Menkeu Sri Mulyani Cairkan Utang DBH Rp14 T Tanpa Tunggu Audit BPK

Menkeu Sri Mulyani Cairkan Utang DBH Rp14 T Tanpa Tunggu Audit BPK

RIAUMANDIRI.ID, JAKARTA - Menteri Keuangan Sri Mulyani Indrawati mencairkan kurang bayar Dana Bagi Hasil (DBH) Tahun Anggaran 2019 senilai Rp14,7 triliun kepada daerah. Pencairan dilakukan tanpa hasil audit Badan Pemeriksa Keuangan (BPK).

Kebijakan ini tertuang dalam Peraturan Menteri Keuangan (PMK) Nomor 36/PMK.07/2020 tentang Penetapan Alokasi Sementara Kurang Bayar Dana Bagi Hasil Tahun Anggaran 2019 dalam Rangka Penanganan Pandemi Corona Virus Disease 2019 (Covid-19). Beleid itu diteken bendahara negara pada 16 April lalu.

Sri Mulyani menjelaskan seharusnya kurang bayar DBH kepada daerah provinsi, kabupaten, dan kota baru dicairkan pemerintah pusat melalui Kementerian Keuangan setelah Badan Pemeriksa Keuangan (BPK) mengeluarkan hasil audit pemeriksaan atas Laporan Keuangan Pemerintah Pusat (LKPP) 2019. Kurang bayar DBH sendiri merujuk pada realisasi penerimaan negara yang dibagihasilkan 2019 dari laporan hasil pemeriksaan atas LKPP 2019.


Secara jadwal, penyampaian LKPP 2019 setidaknya paling lambat pada Maret 2020. Lalu, BPK mengeluarkan audit pada Mei atau Juni 2020 dan pencairan kurang bayar DBH kepada daerah dilakukan pada Juli 2020.

Namun, pemerintah daerah rupanya perlu tambahan amunisi di tengah pandemi virus corona atau Covid-19. Dengan begitu, kebijakan pencairan kurang bayar DBH dikeluarkan lebih awal.

"Penyaluran alokasi sementara kurang bayar DBH kepada daerah provinsi, kabupaten, dan kota dilaksanakan dengan mempertimbangkan kemampuan keuangan negara dan kebutuhan daerah dalam penanganan pandemi virus corona atau Covid-19," ungkap Sri Mulyani dalam PMK 36/2020, dikutip Jumat (24/4/2020).

Kendati begitu, pencairan kurang bayar DBH kepada daerah sejatinya hanya sekitar 50 persen dari penetapan alokasi sementara. Alokasi ini dihitung dari DBH kuartal IV 2019 yang dihitung berdasarkan selisih antara prognosis realisasi DBH 2019 dengan DBH 2019 yang telah disalurkan sampai dengan kuartal III 2019.

Hasil penetapan alokasi sementara mencatat kurang bayar DBH Rp14,71 triliun terbagi atas kurang bayar DBH pajak sebesar Rp8,14 triliun dan kurang bayar DBH SDA Rp6,56 triliun. Kurang bayar DBH SDA berasal dari kurang bayar DBH SDA mineral dan batu bara sebesar Rp3,22 triliun.

Lalu, kurang bayar DBH SDA minyak dan gas bumi Rp2,57 triliun dan kurang bayar DBH SDA panas bumi Rp429,08 miliar. Kemudian, kurang bayar DBH SDA kehutanan Rp261,44 miliar dan kurang bayar DBH SDA perikanan Rp86,84 miliar.

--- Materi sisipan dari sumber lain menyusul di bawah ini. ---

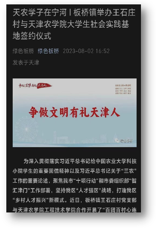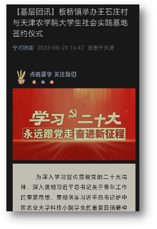 回访毕业生也是暑期社会实践的任务之一。学院遴选王石庄村作为暑期社会实践对象,还是因为该村党支部书记兼村委会主任是我院优秀校友。2019年毕业于新能源科学与工程专业的陈泽学长给同学们讲述毕业后考取宁河农村党务助理到成长为村党支部书记和村委会主任的历程,鼓励大家奋发学习,励志服务乡村振兴。为了巩固社会实践成果,学院团委和王石庄村党支部签署了大学生社会实践基地协议,商议了长期合作事宜。暑期社会实践贴合农业农村发展实际,受到了农民欢迎,也受到了当地政府相关部门的关注。宁河团区委和板桥镇政府分别在官方微信公众号“宁河团委”和“绿色板桥”报道了学院社会实践的消息。
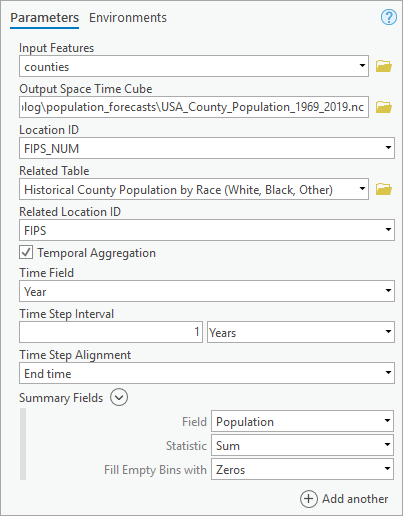 - For Input Space Time Cube, specify USA_County_Population_1969_2019.nc.
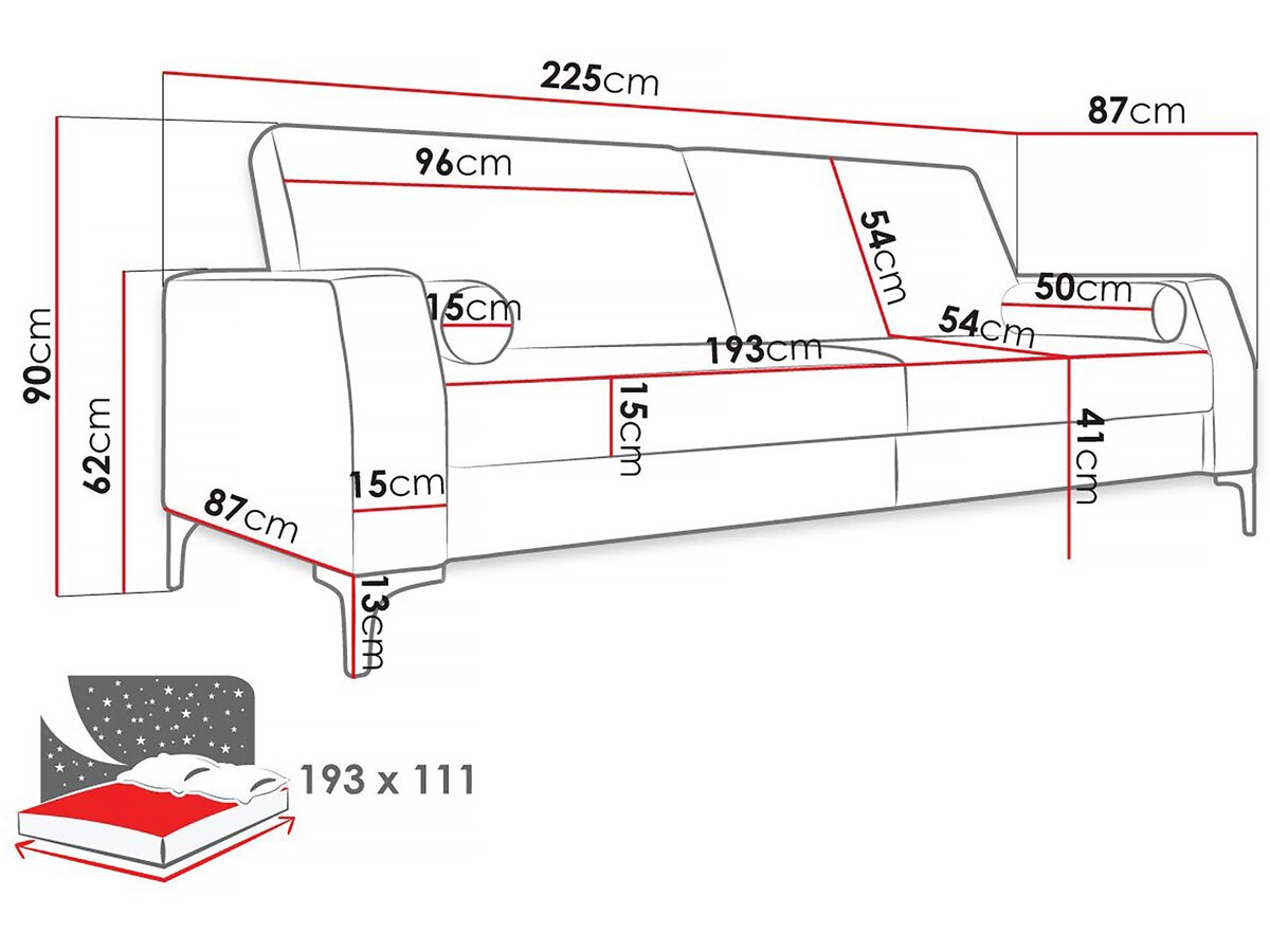 Descriptif:Canapé convertible Noelia - 225 x 87 x 90 cm - 3 places - Gris - Structure en bois - Espace de rangement intégré - Deux petits oreillers inclus.Type :Canapé convertible.Couleur:Gris.Nombre de places:3.couleur (filtre):Gris.Matiere (Filtre):Tissu.Nombre de places (Filtre):3 places.Assise:Mousse T25 + ressorts ondulés.Structure:Bois.Densité:25kg/m3.Pieds:Pieds en métal - Hauteur : 13 cm.Dimensions de couchage:193 x 111 cm.Dimensions du canapé:225 x 87 x 90 cm.Hauteur d'assise:41 cm.Profondeur d'assise:54 cm.Epaisseur d'assise :15 cm.Hauteur dossier:54 cm.Largeur:225 cm.Profondeur:87 cm.Hauteur:90 cm.Largeur accoudoir:15 cm.Fonction de couchage Espace de rangement intégré Deux polochons inclus .Colisage:2 colis : - 1,96 x 1,145 x 0,3 m, 43 kg - 0,885 x 0,28 x 0,585 m, 19,5 kg.
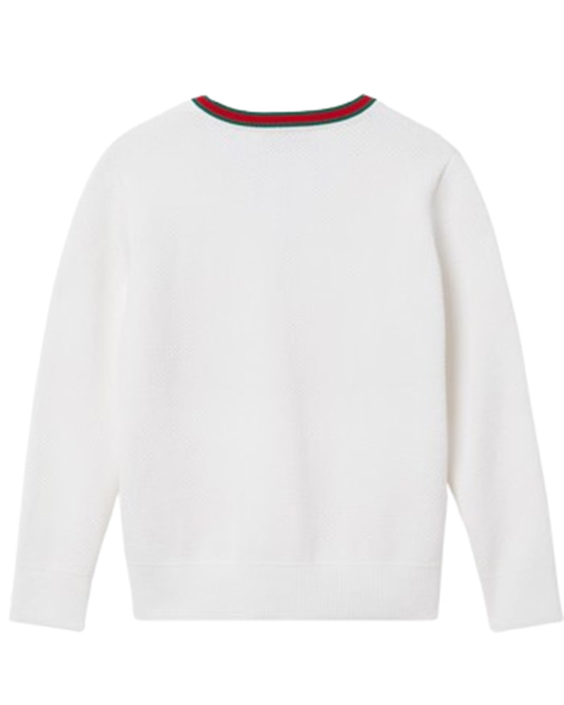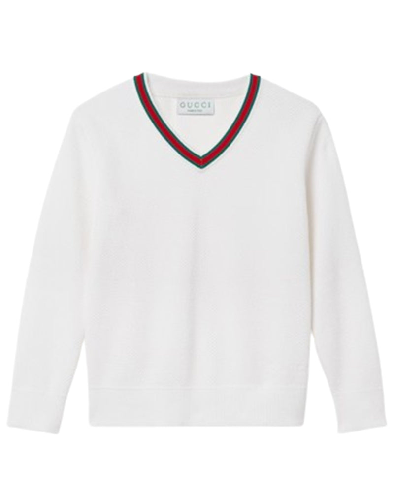 Maglia in cotone bianco, finiture con Web, ricamo Gucci, scollo a V, maniche lunghe, finiture a coste

Sebelumnya, Gubernur DKI Jakarta Anies Baswedan sempat meminta pemerintah pusat agar segera mencairkan kurang bayar DBH 2019 sebesar Rp5,1 triliun. Orang nomor satu di ibu kota itu juga meminta pencairan DBH 2020 sebesar Rp2,4 triliun.

Menurutnya, pencairan ini penting agar amunisi Anggaran Pendapatan dan Belanja Daerah (APBD) DKI Jakarta semakin kuat. Khususnya dalam menangani dampak pandemi corona.

"Kami berharap itu berharap dicairkan. Jadi tantangan di Jakarta bukan pada anggaran tapi pada cash flow. Kalau dicairkan kami punya keleluasaan secara cash flow," kata Anies.